I have the following table:

https://i.redd.it/5szak6k1mhe31.png

I need to perform fp growth so that the ‘Student’ tuple in ‘Category’ and ‘Profession’ are considered separately and I can get the pattern [10-20], [Student], [Student]. The code i am using gives me support along with the patterns and it considers ‘Student’ in all the columns as same, how can extract only the patterns from this code and also get the pattern mentioned above?

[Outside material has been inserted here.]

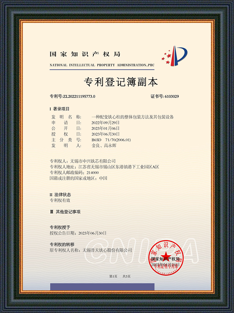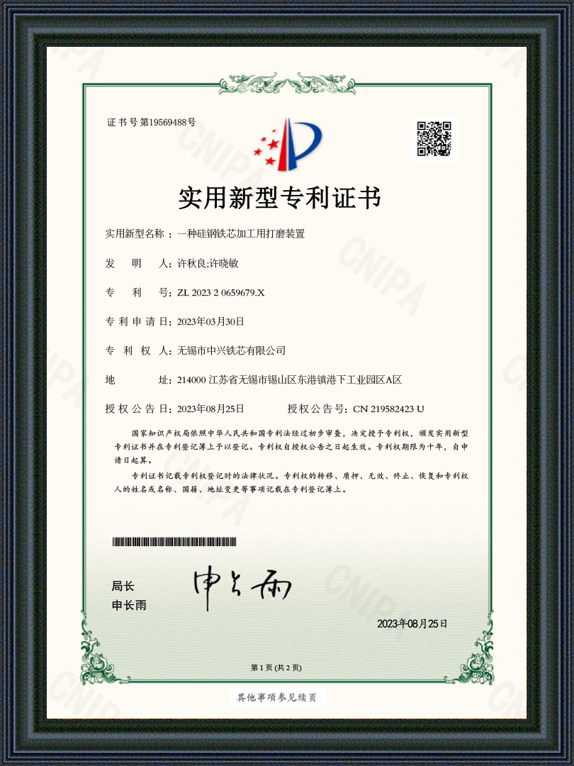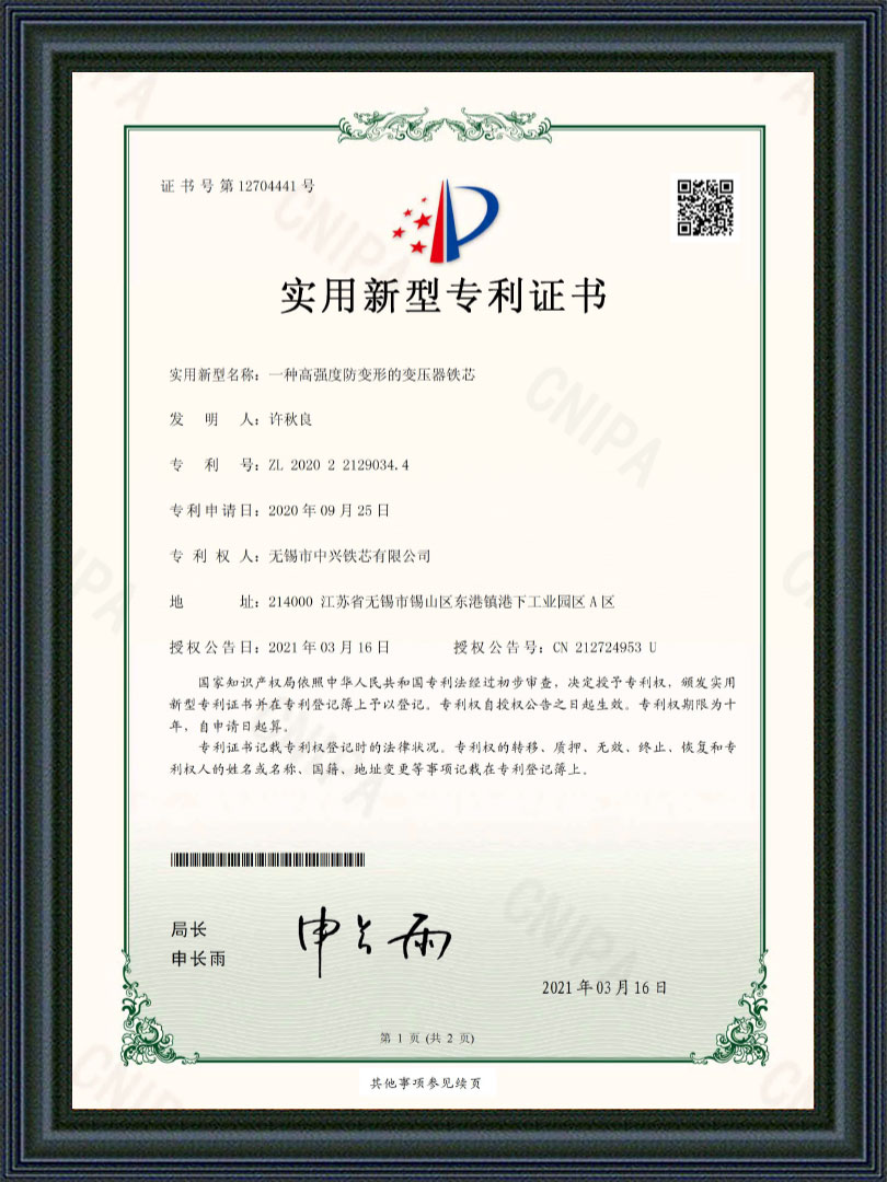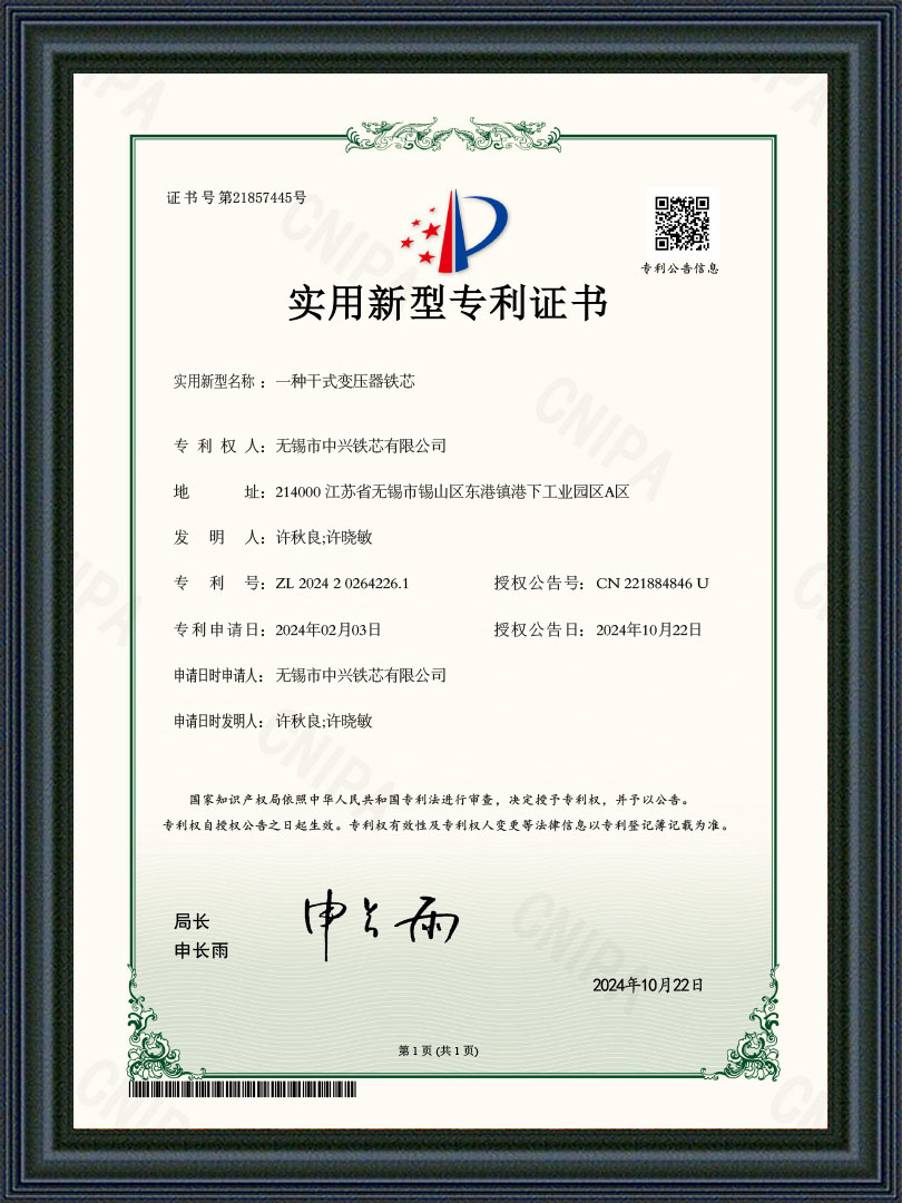 无锡市中兴铁芯有限公司是一家从事干式、油浸式、矿用及特种变压器铁芯等产品研发与制造的公司。始创于2004年,公司坐落在江苏省无锡市东港镇工业园区,占地面积28亩,注册资本13980万,拥有厂房8800平方米,公司采用西安启源纵、横剪生产线18条,硅钢铁芯年产能近3万吨,是国内规模较大铁芯制造商之一,公司被众多变压器厂家评为优质指定铁芯供应商。

I have the following code:

dataset = [[’10-20′, ‘Student’, ‘Student’, ‘Chicago’],

[’30-40′, ‘Adult’, ‘Unemployed’, ‘Chicago’],

[’30-40′, ‘Adult’, ‘Finance’, ‘Washington’],

[’10-20′, ‘Student’, ‘Student’, ‘Boston’]]

import pandas as pd

from mlxtend.preprocessing import TransactionEncoder

te = TransactionEncoder()

te_ary = te.fit(dataset).transform(dataset)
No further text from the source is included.